Abstract

Countries with foreign investment screening mechanism have developed practices to avoid international investment disputes. These practices include using security exceptions, exceptions to dispute settlement provisions, and schedules to Annex regarding non-conforming measures in investment agreements. These practices do not specify specific national security requirements and are subject to full self-judgment. Countries with a long history of foreign investment screening, such as the United States, Canada, and Australia, actively use these practices to exclude foreign investment screening from international agreement obligations. These countries interpret the national security exception jurisprudence as applying to foreign investment screening, meaning that foreign investment screening is entirely self-judged.
 However, South Korea does not have a consistent approach to foreign investment screening in its Bilateral Investment Treaties (BITs) and Free Trade Agreements (FTAs).
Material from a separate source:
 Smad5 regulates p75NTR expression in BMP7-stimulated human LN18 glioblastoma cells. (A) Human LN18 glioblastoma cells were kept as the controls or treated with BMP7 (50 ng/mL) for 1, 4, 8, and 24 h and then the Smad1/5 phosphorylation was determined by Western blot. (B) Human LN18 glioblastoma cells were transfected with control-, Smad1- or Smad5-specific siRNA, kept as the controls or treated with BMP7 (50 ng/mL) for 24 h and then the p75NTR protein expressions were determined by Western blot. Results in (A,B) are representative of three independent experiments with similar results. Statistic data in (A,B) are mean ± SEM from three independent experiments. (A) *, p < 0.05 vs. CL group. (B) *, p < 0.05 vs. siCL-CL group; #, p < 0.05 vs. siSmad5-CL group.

The security exception clause in these agreements is different in each agreement, and the contents of the reservations are not uniform. However, it can be interpreted that Korea has decided to treat foreign investment screening as an exception to international law, since it joined the Regional Comprehensive Economic Partnership (RCEP), which stipulates that the screening regime shall not be subject to the dispute settlement provisions.
 Foreign investment screening is likely to become more important as a policy tool in the era of expanding national security. The concept of national security has evolved from being applied only in exceptional emergencies such as war to encompassing more permanent situations such as economic security, high-tech protection, supply chain crisis response, and climate change. State measures to protect national security have also become more permanent. Given these circumstances, it is important to reconsider whether it is appropriate to treat foreign investment screening as an exception to international law. Allowing foreign investment screening as an exception to international law could lead to a crisis in the international legal system due to potential abuse of this exception. However, from the government's perspective, securing policy space for foreign investment screening can be advantageous in effectively addressing the growing threat to national security. Therefore, it is crucial to contemplate the stance and standards that should be established for the foreign investment screening practice in Korea moving forward.